Clemência Rocha, ou ‘Mença’, como gosta de ser tratada, reúne em si uma história de superação, começada pela guerra que a encontrou na escola da aldeia, em 1939, e da qual, devido à “ausência de professores”, causada pela “falta de gasolina nas camionetas” que viajavam do Porto para Valongo, teve de sair logo no segundo ano.

“Aprendi a ler com a história da guerra. Lia os jornais que o meu pai comprava para a taberna ao lado da mercearia da família”, contou à Lusa, falando de um tempo em que se “recusou a parar de aprender”, num hábito que, oito décadas passadas, continua a manter: “apesar de hoje ler menos, logo de manhã tenho de ler um bocadinho”.

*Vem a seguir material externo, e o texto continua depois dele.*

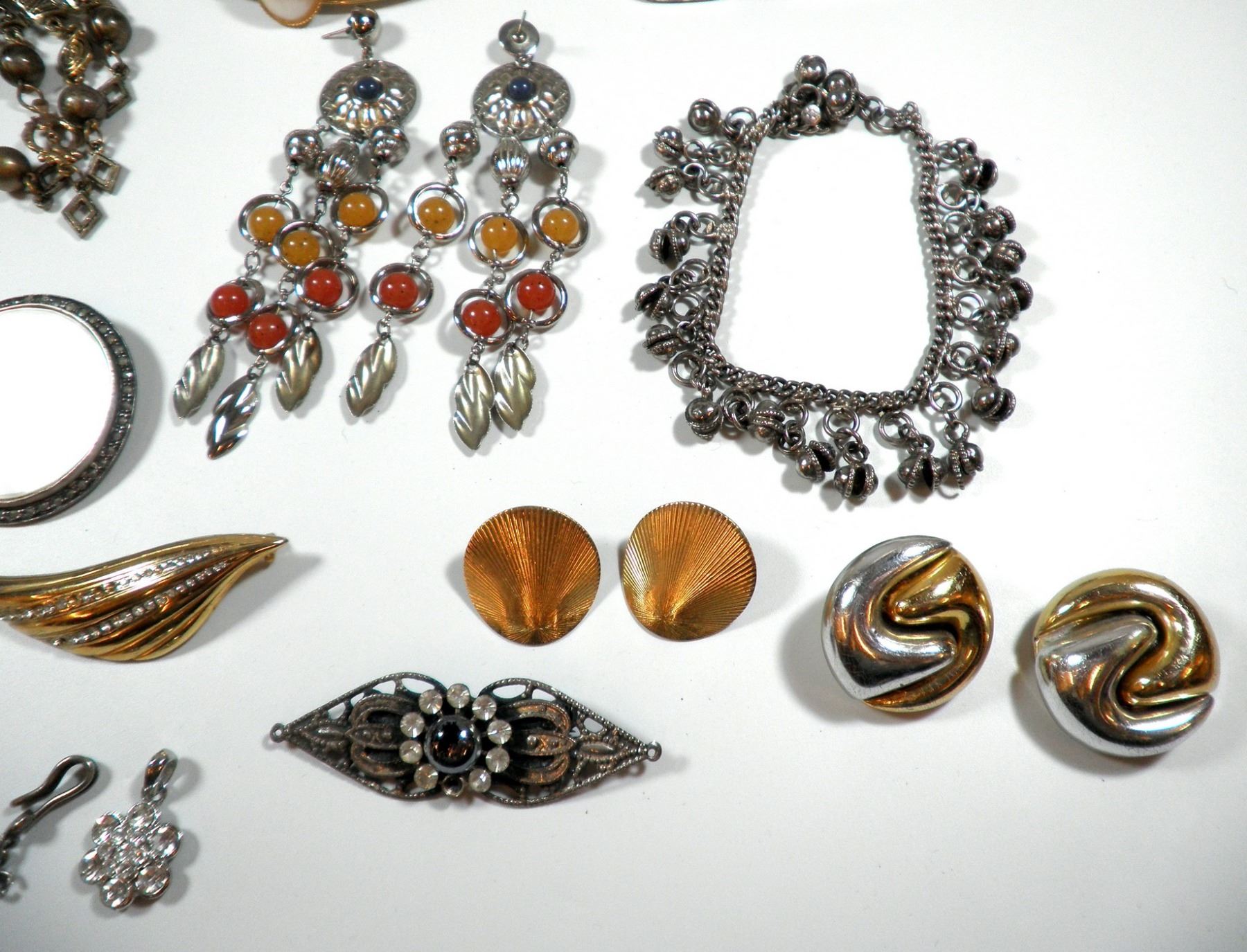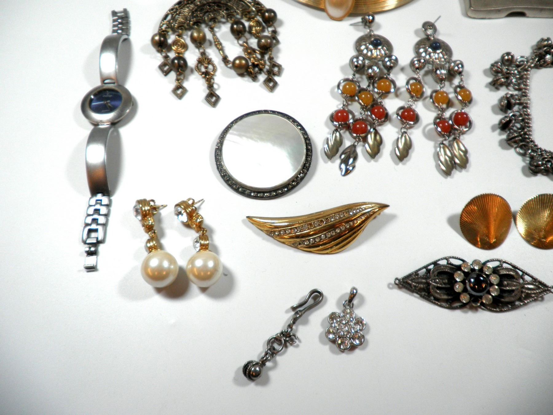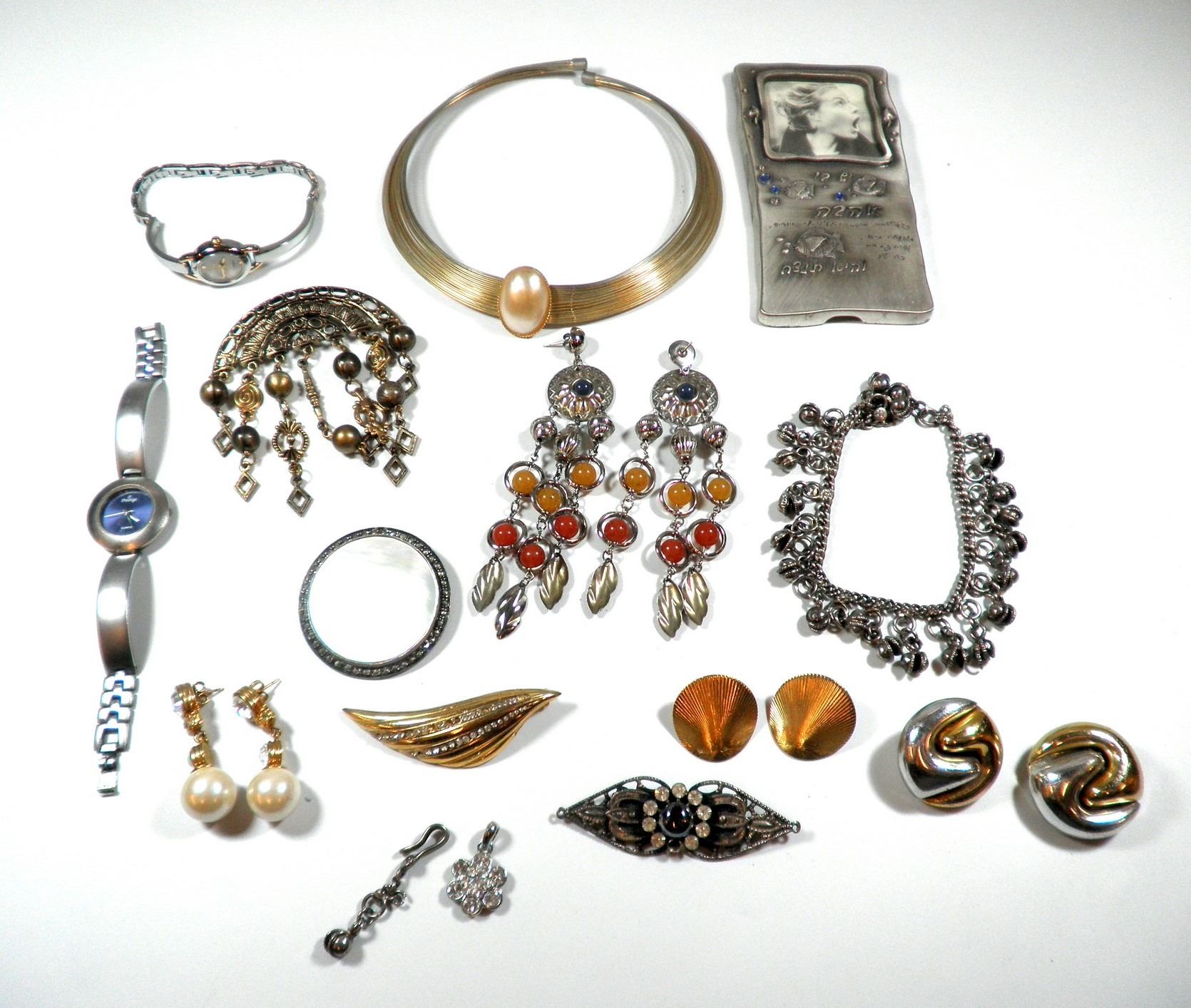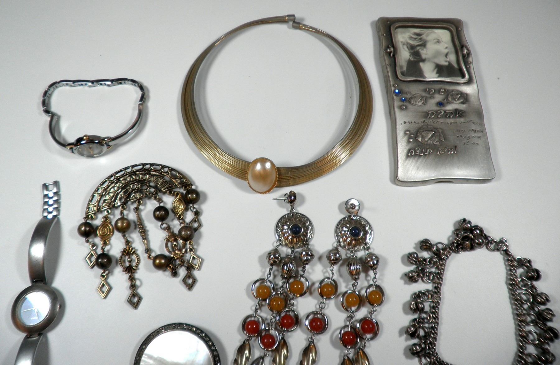 Collection of fashion items, includes earrings, a necklace, a brooch and a picture holder, variable conditions.

Dos livros para a formação religiosa, conjugados com um “espírito livre e crítico”, foi buscar as “explicações” que não conseguiu encontrar na leitura da Bíblia.

“Tive uma educação católica e sempre fui à igreja, mas não foi por aí que aprendi. Aprendi lendo Leonardo Lopes, o Frei Carreira das Neves, o Frei Bento Domingues. Foi através deles que fiquei a perceber algumas coisas da Bíblia, porque quem a lê não percebe nada, precisei da interpretação desses bibliógrafos”, explicou, na conversa que decorreu no Museu Municipal de Valongo, a quem doou o presépio com mais de mil peças.

Solteira e sem filhos, ‘Mença’ contou “ter feito milhares de peças para máquinas de tricotar”, mas foi no croché que aprendeu, juntamente com as quatro irmãs, que materializou o sonho acalentado durante anos, antes de fazer algo maior que o presépio.

Para a empreitada dos últimos quatro anos contribuiu, segundo a artesã, o seu espírito “empreendedor” e o facto de “dormir poucas horas durante a noite”, respondendo não saber quantas horas dedicou, desde 2015, à criação do presépio.

“Devo ter para aqui umas artroses, pois de vez em quando doem-me os pulsos, mas eu não ligo a isso”, respondeu à pergunta da Lusa sobre se tanto croché não tinha deixado marcas, preferindo citar uma das suas “referências” do último século: “penso que era o Salvador Dali que dizia que as dores vão passar quando eu morrer, mas a minha obra vai ficar”.

No presépio exposto no auditório do museu estão representados vários momentos bíblicos: ‘Metáfora da criação’, ‘A revelação’, ‘A anunciação’, o ‘Nascimento de Cristo’, a ‘Última Ceia’ e a ‘Crucificação’, entre outros, mas não só, uma vez que ‘Mença’ fez questão de homenagear outras figuras, representando-as.

O físico Albert Einstein, o maestro Ludwig van Beethoven, o tenor Luciano Pavarotti, o filósofo Agostinho da Silva, o padre Américo, o Papa Francisco, o advogado e político Mahatma Gandhi, a madre Teresa de Calcutá, o astrônomo Galileu Galilei e os astronautas que chegaram à Lua são algumas das figuras em croché, numa exposição que mostra ainda a tradição local das “Mouriscadas e Bugiadas”.

“Tenho mais projetos. Até março [de 2020] acabarei outro presépio, em figuras bastantes maiores, inspirado em obras do escritor Mário Cesariny e do padre Américo”, disse sobre o “direito de continuar a sonhar aos 85 anos”.

E concluiu: “tem de ser assim, porque a minha cabeça não dá para ser de outra forma, aquilo em que eu empreender tenho de ir”.

No Museu Municipal de Valongo, na tradicional Exposição/Venda de Presépios que se vai estender até 06 de janeiro de 2020, estão patentes também trabalhos de artesãos concelhios e de alunos da Escola Básica Vallis Longus.